**COLLECTED MATERIAL:**
[Start of Attachment]

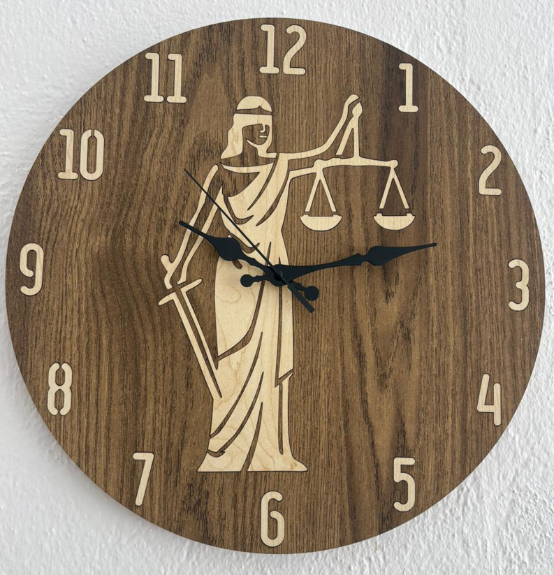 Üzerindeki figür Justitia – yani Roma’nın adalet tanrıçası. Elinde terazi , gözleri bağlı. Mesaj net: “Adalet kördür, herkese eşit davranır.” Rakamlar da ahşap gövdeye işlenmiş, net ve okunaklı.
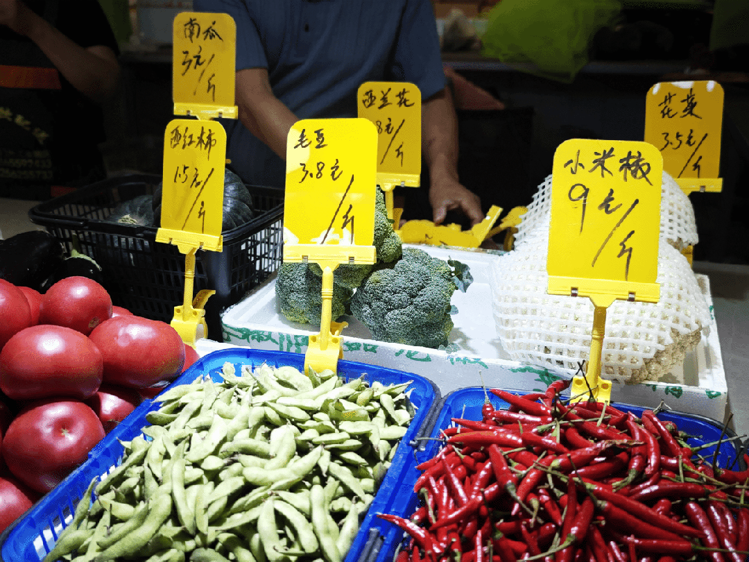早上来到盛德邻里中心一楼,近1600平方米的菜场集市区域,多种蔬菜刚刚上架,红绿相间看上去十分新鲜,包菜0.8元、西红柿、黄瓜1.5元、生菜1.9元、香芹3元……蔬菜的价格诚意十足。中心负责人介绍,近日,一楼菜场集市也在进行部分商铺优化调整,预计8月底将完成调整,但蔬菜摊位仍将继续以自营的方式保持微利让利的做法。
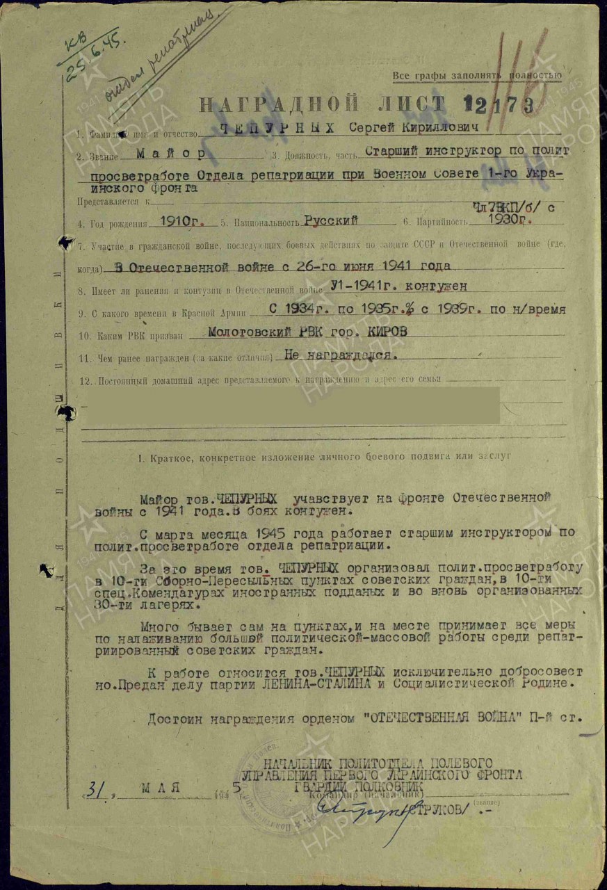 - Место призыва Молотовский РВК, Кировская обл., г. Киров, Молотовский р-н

[End of Attachment]

**EXERCISE REQUIREMENTS:**
The lines to repeat run from the line containing "早上来到盛德邻里中心一楼,近" through the last line of the material above; give them exactly, without the pictures.

**SOLUTION TO THIS PROBLEM:**
早上来到盛德邻里中心一楼,近1600平方米的菜场集市区域,多种蔬菜刚刚上架,红绿相间看上去十分新鲜,包菜0.8元、西红柿、黄瓜1.5元、生菜1.9元、香芹3元……蔬菜的价格诚意十足。中心负责人介绍,近日,一楼菜场集市也在进行部分商铺优化调整,预计8月底将完成调整,但蔬菜摊位仍将继续以自营的方式保持微利让利的做法。
 - Место призыва Молотовский РВК, Кировская обл., г. Киров, Молотовский р-н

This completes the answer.